- **Your assignment**
Where the records below begin, start copying, and stop after the line that contains "为了寻求道义支持和法律的公正"; reproduce every line exactly but omit pictures.

- **Source data**
*** Block opens ***
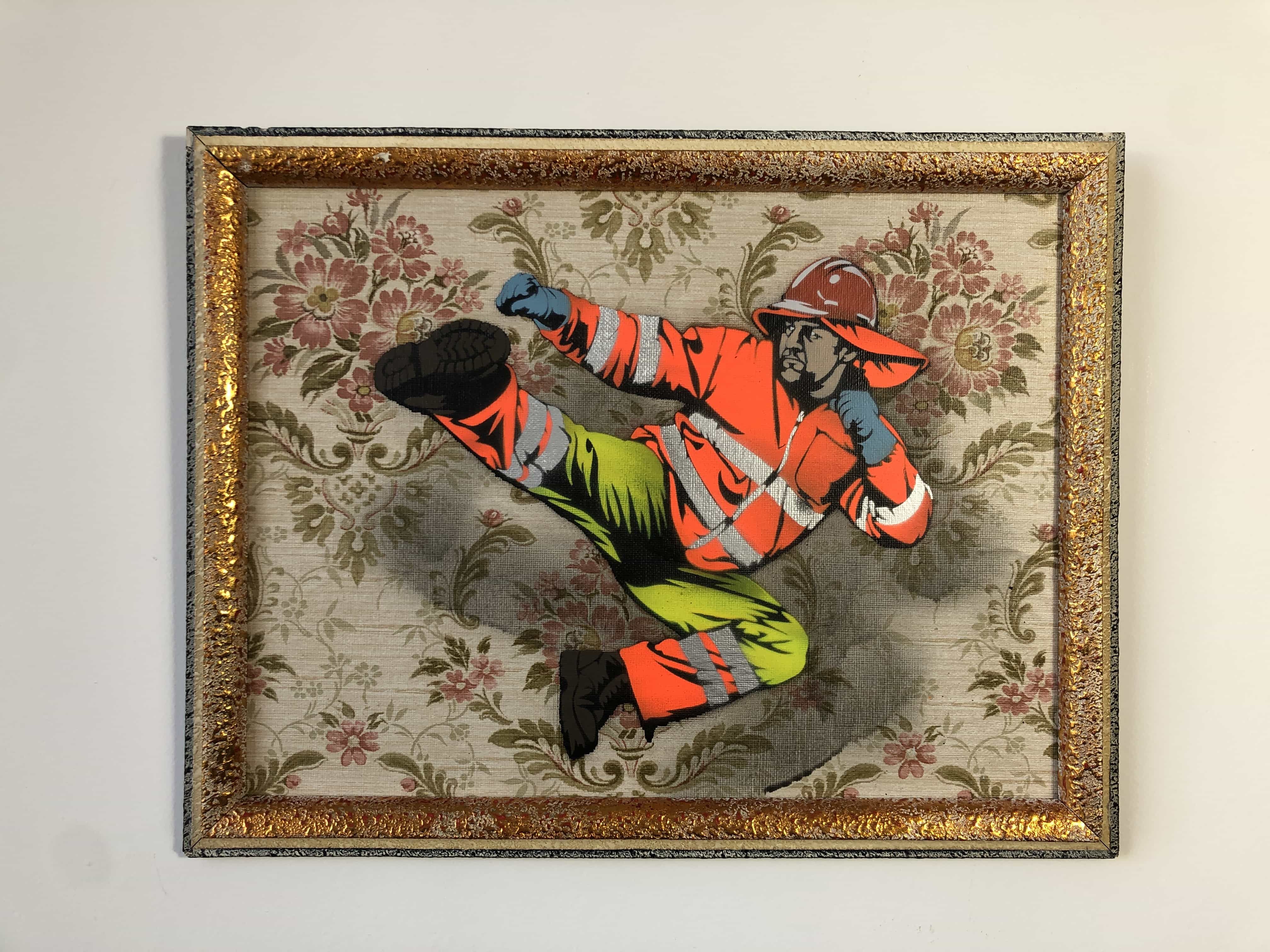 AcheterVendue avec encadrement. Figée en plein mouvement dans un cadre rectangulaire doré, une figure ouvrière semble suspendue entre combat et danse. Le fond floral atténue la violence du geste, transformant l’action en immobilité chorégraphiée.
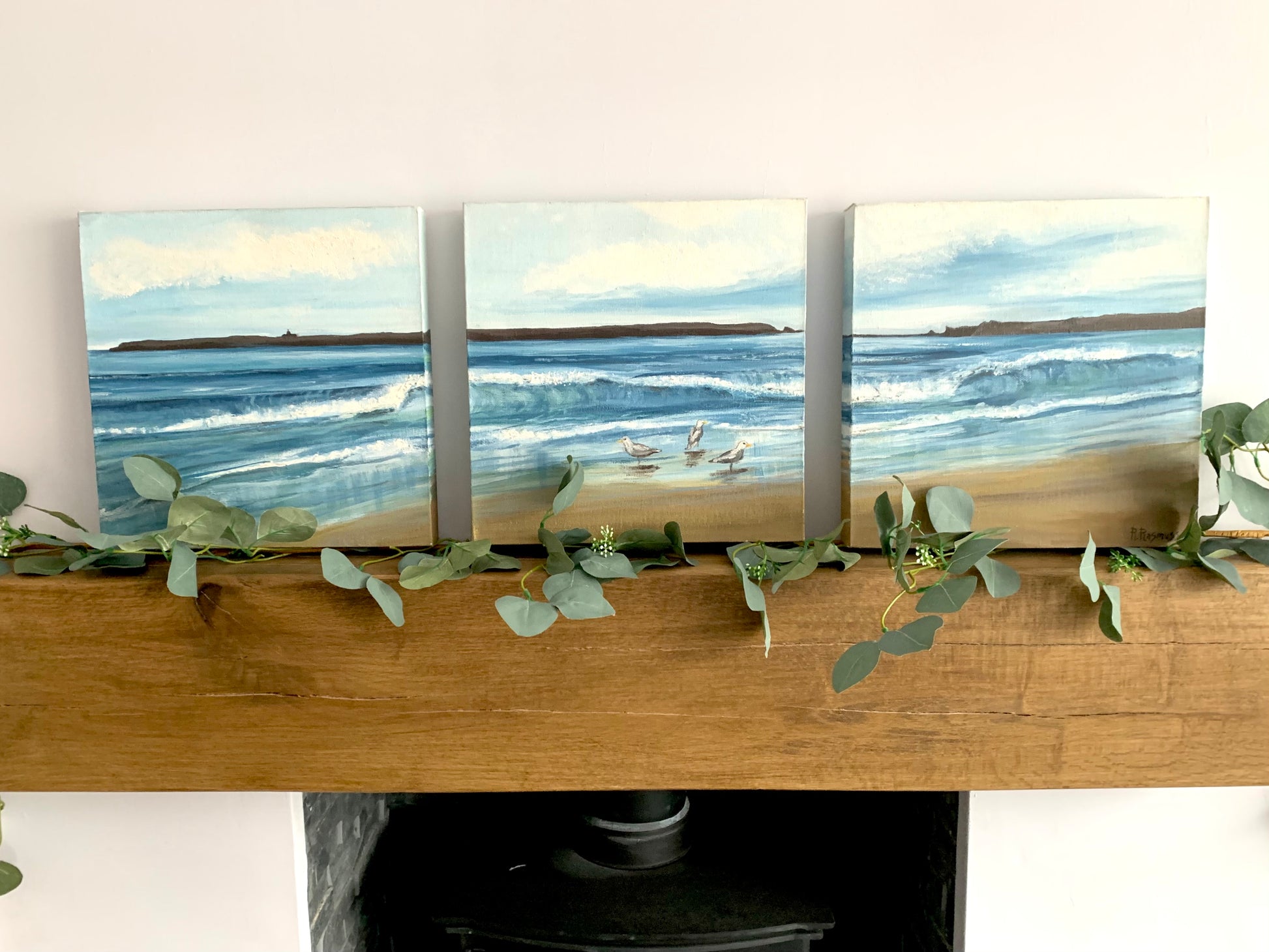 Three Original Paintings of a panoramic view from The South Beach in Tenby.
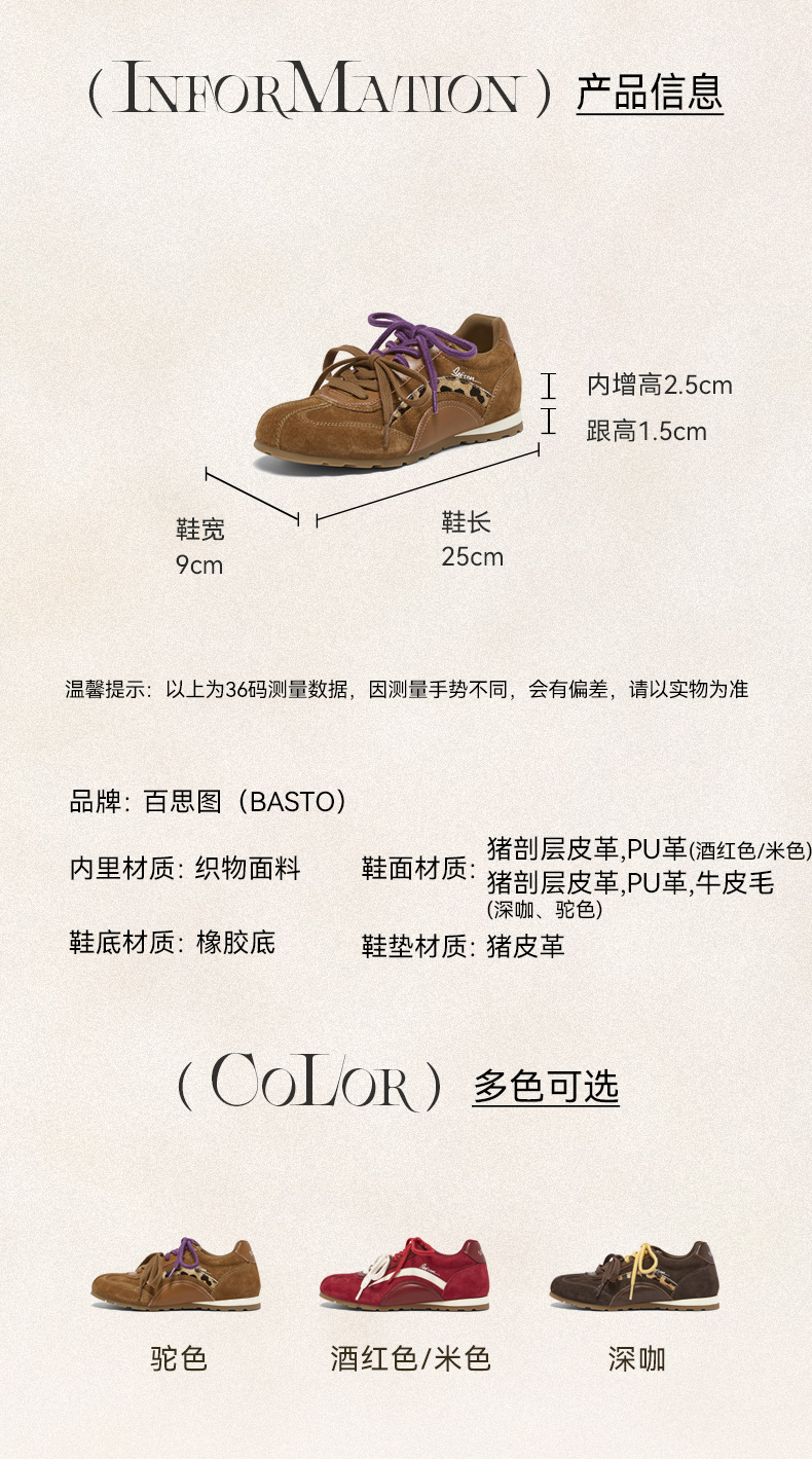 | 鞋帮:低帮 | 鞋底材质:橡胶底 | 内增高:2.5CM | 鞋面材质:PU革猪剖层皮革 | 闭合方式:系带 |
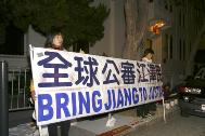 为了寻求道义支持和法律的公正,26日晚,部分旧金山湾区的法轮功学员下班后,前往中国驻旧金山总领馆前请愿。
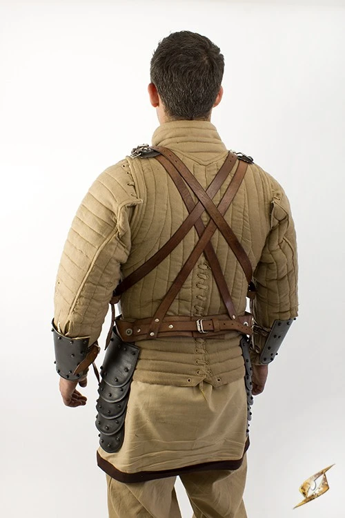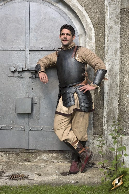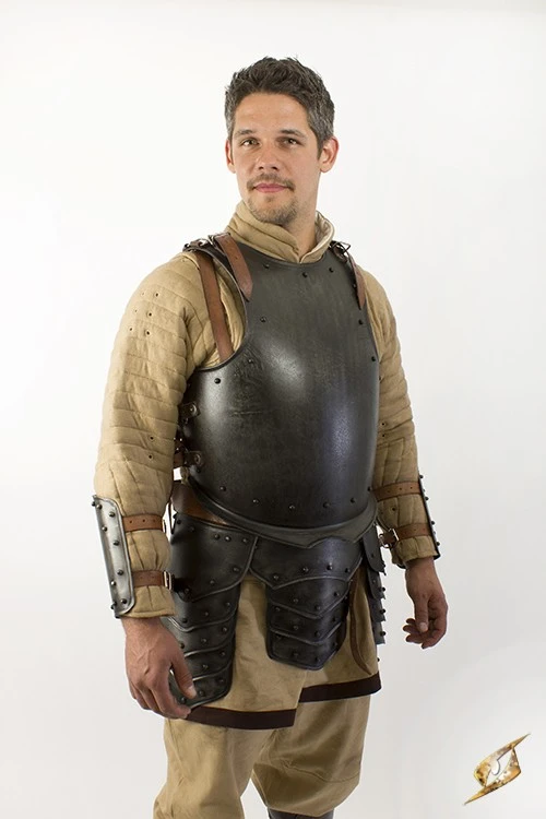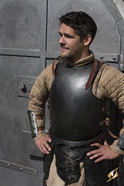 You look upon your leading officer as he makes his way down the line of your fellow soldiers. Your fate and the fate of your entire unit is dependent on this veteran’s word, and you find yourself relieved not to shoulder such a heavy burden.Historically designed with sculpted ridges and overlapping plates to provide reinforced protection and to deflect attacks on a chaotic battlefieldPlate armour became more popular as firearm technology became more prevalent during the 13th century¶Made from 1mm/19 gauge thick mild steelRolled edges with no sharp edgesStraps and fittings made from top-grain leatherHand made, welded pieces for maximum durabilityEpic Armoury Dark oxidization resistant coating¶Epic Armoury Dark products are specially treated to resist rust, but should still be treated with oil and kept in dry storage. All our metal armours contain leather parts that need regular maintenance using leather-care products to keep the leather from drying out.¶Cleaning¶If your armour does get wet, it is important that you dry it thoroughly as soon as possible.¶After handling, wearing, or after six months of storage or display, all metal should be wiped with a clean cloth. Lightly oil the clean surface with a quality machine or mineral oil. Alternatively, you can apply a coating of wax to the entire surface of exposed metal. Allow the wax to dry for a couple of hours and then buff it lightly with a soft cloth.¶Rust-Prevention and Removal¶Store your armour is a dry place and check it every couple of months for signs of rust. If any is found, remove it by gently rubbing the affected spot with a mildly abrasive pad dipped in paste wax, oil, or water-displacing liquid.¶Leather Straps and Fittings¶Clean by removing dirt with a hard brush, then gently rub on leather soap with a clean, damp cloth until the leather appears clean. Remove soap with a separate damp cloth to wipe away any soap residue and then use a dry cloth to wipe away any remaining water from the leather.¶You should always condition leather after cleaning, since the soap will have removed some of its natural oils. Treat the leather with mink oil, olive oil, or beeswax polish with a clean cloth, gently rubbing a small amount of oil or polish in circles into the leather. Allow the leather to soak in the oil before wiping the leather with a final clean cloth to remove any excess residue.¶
*** Block closes ***
- **Task result**
 AcheterVendue avec encadrement. Figée en plein mouvement dans un cadre rectangulaire doré, une figure ouvrière semble suspendue entre combat et danse. Le fond floral atténue la violence du geste, transformant l’action en immobilité chorégraphiée.
 Three Original Paintings of a panoramic view from The South Beach in Tenby.
 | 鞋帮:低帮 | 鞋底材质:橡胶底 | 内增高:2.5CM | 鞋面材质:PU革猪剖层皮革 | 闭合方式:系带 |
 为了寻求道义支持和法律的公正,26日晚,部分旧金山湾区的法轮功学员下班后,前往中国驻旧金山总领馆前请愿。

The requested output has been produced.